If exceeding, PC numerical value demarcates the binary value tables of data; If then PC is less than the minimum value of demarcating in the binary value tables of data; Then the force value of this minimum value correspondence on the calibration value tables of data is P; If PC is greater than the maximal value of demarcating in the binary value tables of data, then the force value of this maximal value correspondence on the calibration value tables of data is P;

(2) when TC is not the demarcation temperature spot, promptly in demarcating the binary value tables of data, there is not TC yet _iPoint equals TC; Then search and immediate two values of TC numerical value, TC _kAnd TC _(k+1), and TC _k≤TC≤TC _(k+1)
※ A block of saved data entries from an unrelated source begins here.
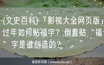 易優(yōu)作文網(wǎng)——(文史百科)「影視大全網(wǎng)頁版」過年如何貼福字?倒著貼“?!弊质钦l創(chuàng)造的?
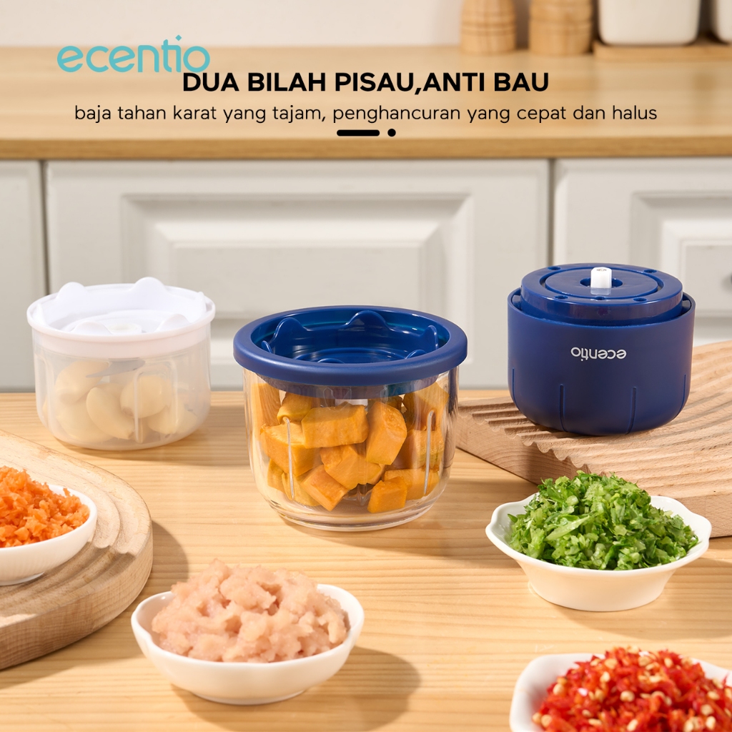 ECENTIO BLENDER FOOD PROCESSOR 350ML CHOPPER MINI BLENDER PENGHALUS PENGHANCUR DAGING BUMBU PORTABLE
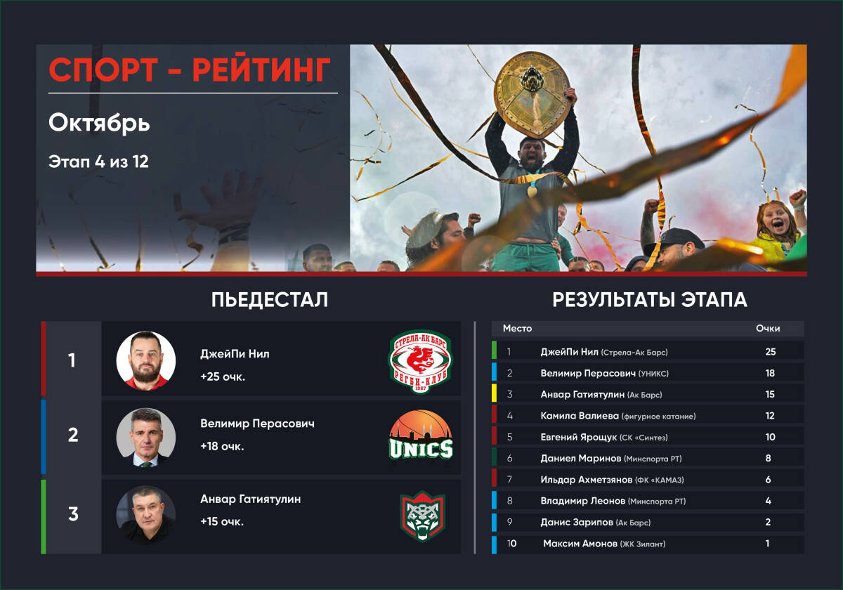 На четвертом этапе Спортивного рейтинга Татарстана по версии «ТИ-Спорта» тройку сильнейших в личном зачете составили ДжейПи Нил, Велимир Перасович и Анвар Гатиятулин. «Рубин» пока удерживает лидерство в общем зачете, но футболистов догоняют «Ак Барс» и УНИКС.
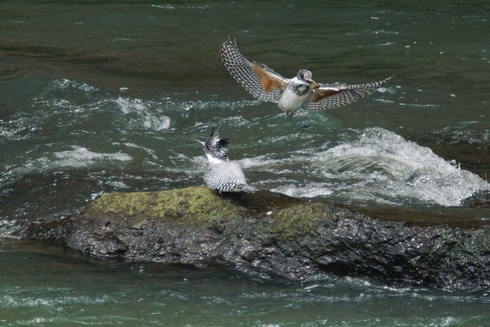 雌ヤマセミが巣穴を掘って雄ヤマセミが待っていた場所を通過した時にシャッターを切りコラボ写真を撮影しました。

According to formula (1), calculate PC at TC _kP under the temperature _lWith PC at TC _(k+1)P under the temperature _(l+1), then

$P=\frac{1}{{\mathrm{TC}}_{(l+1)}-{\mathrm{TC}}_l}[(\mathrm{TC}-{\mathrm{TC}}_l)P_{(l+1)}-(\mathrm{TC}-{\mathrm{TC}}_{(1+1)})P_1].........\left(2\right)$

(3) when exceeding, TC numerical value demarcates the binary value tables of data; If then TC is less than the minimum value of demarcating in the binary value tables of data; Then the temperature value of this minimum value correspondence on the calibration value tables of data is T; If TC is greater than the maximal value of demarcating in the binary value tables of data, then the force value of this maximal value correspondence on the calibration value tables of data is T, then utilizes formula (1) to calculate P.